Au nombre des recommandations fréquemment reprises par les oulémas dans les assemblées, figure l’exhortation aux fidèles musulmans à se recommander le bien et à s’interdire mutuellement le repréhensible. Un accent particulier est cependant porté sur la nécessité de veiller à l’adéquation des propos tenus avec les actes posés. Les oulémas à ce sujet fustigent la parole creuse à laquelle doit être préférée la bonne action, qui est en elle-même plus éloquente que tout discours. Il est rapporté dans ce cadre différents épisodes de l’époque des Révélations coraniques, opposant «la parole pompeuse éclatante et vaine», à l’action discrète et efficace.
Dans l’un de ces récits, référence est faite à l’un des proches du Messager (PSL) qui avait été surnommé «la Parure des Dévots». Selon la Tradition, cet homme s’introduisait incognito au domicile des gens démunis pour y laisser ses aumônes. Sa discrétion était telle que sa véritable identité demeurera un mystère pour ceux qui bénéficiaient de ses largesses.
C’est seulement à son décès, lorsque s’arrêtèrent ses œuvres de bienfaisance, que cette population prit conscience de sa disparition pour le regretter avec sincérité. Son attitude pour les théologiens, répondait à l’une des injonctions faites dans le Livre saint de l’islam à ce propos : «Commandez-vous aux gens de faire le bien, et vous oubliez vous-mêmes de le faire, alors que vous récitez le Livre ? êtes-vous donc dépourvus de raison ?» (2-44)
C’est dans ce même registre qu’il est rapporté l’embarras d’un érudit dans l’une des premières communautés musulmanes, à délivrer un prône sur le mérite social et l’immense récompense céleste qu’il y avait à affranchir les esclaves et les affres du châtiment qui attend celui qui les maltraite. Le thème authentique lui avait été suggéré par des fidèles qui ne jouissaient pas à cette époque de leur liberté et qui espéraient ainsi la recouvrer grâce à la sensibilisation de leurs maîtres. L’érudit qui tenait à prêcher par l’exemple, mettra bien du temps avant d’aborder ce thème dans l’une de ses adresses habituelles. N’ayant point d’homme de peine à son service au moment où la requête lui avait été soumise, il s’était fait un devoir d’en acquérir, en vue de l’affranchir en public, afin d’inciter les autres propriétaires à en faire autant.

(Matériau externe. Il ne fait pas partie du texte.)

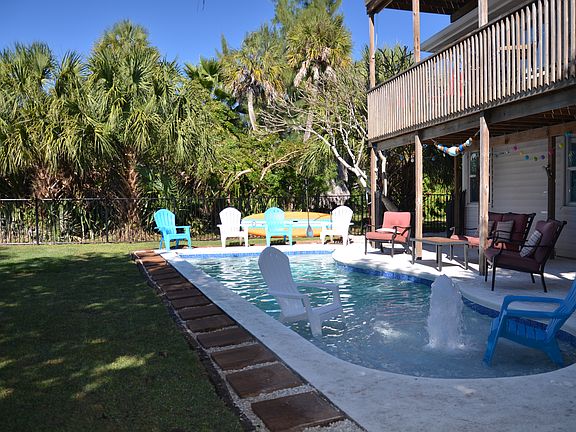 Anna Maria Island is Florida's best kept secret: beautiful white beaches, older Florida charm, award winning restaurants, golf courses, and pristine shopping all within easy walking and driving distance, or jump aboard the free 'Anna Maria Island Trolley', which stops 60 steps from the backyard. The beach is white sugar sand and 7 miles long. The area is known for its splendid sunsets. Spend the day on the beach, which is a simple 1-minute, 60-step walk from the back yard of Gulf-View Retreat, or hang out fishing in one of the many great spots nearby or in a boat on the Gulf of Mexico. After enjoying the beach, you can use two outdoor showers next to the pool to wipe the beach sand off before getting in the pool. Kick your feet in the water in the new heated swimming pool with a special sun shelf for toddlers or adults to sit on with Adirondack-style chairs including nice tile siding and multiple sitting shelves. If you're in the mood to tour around the rest of the island, catch the free trolley out the back door and it will take you to any of the beaches, restaurants, shops or grocery stores along Gulf Drive anywhere on Anna Maria Island. Take the trolley one stop down (or stroll along the beach the one mile) to the old historic Bridge Street area of Bradenton Beach to enjoy the Key West style restaurants and shops. If you enjoy painting or photography, the sunsets are among the best in the world. The new swimming pool includes a large sun shelf where you can place the plastic Adirondack-style chairs and kick your feet around in the water is about 6-8 inches deep. The sun shelf also includes a fountain that is adjustable from a low gurgle to 5 feet high. Then the pool has a sitting shelf around 18 inches deep. The rest of the pool is about 3 to 5.5 feet deep. The pool includes two more sitting shelf's on the far end that are around 18 inches deep. One of those extra sitting shelf's on the far end has a soaker spout to massage bad backs. The new pool includes lots of deck, yard area, and landscaping to sit around and watch kids play in the pool. The Gulf-View Retreat (2nd Floor) and Pool-Side Retreat (1st Floor) offers everything you need for your beach stay! Beach toys for the kids are available in our outdoor shed. Dishes, pots, pans, linens and towels are all provided - just bring your swimsuit and enjoy! The Gulf-View Retreat and Pool-Side Retreat both feature a split plan with the master bedroom having it's own bathroom and on the other two queen-size bedrooms sharing one bath. There is an additional pull out sofa bed in the family room. Granite countertops throughout the unit provide luxury at your fingertips. Other amenities to perfect your stay include: Open decks with Gulf of Mexico views New Pool with large Sun Shelf and many Sitting Shelf's Fire Pit Kayak Paddle Board Big Yard Crows Nest third-floor balcony makes enjoying the sunsets and night-time stars an incredible experience Wireless Internet service with 15MB per second high speeds Cable on the high definition flat screen TV New Trane air conditioning unit The second floor Gulf-View Retreat can be rented at http://www.vrbo.com/557191 while the first floor can be rented separately through the Pool-Side Retreat listing (http://www.vrbo.com/614098 or vrbo #614098). Each floor is a completely self-sustaining, independent unit with its own BBQ, patio furniture and entry way. Both floors can be combined for family reunions, retreats or multiple family vacations if you contact us.

En évoquant cette exhortation mutuelle à l’accomplissement d’œuvres méritoires, les exégètes appellent les fidèles à approfondir leur science, car l’ignorant ne saurait ordonner le bien. Ils soulignent aussi que dans sa pratique, le fidèle ne doit être animé que de la volonté de raffermir sa foi et de se rapprocher du Très Clément. Les rigueurs liées à cette entreprise sont évoquées dans un hadith se rapportant «aux fins dernières de l’homme», selon lequel «des gens parmi les hôtes du Paradis iront vers certaines gens vouées à la damnation, et chercheront à savoir ce qui les a fait entrer en Enfer. «Nous, par le Tout-Puissant ne sommes entrés au Paradis que grâce aux choses que nous avons appris de vous». Les interpellés, aux supplices, répondront alors «En vérité, nous ne faisions que dire sans agir».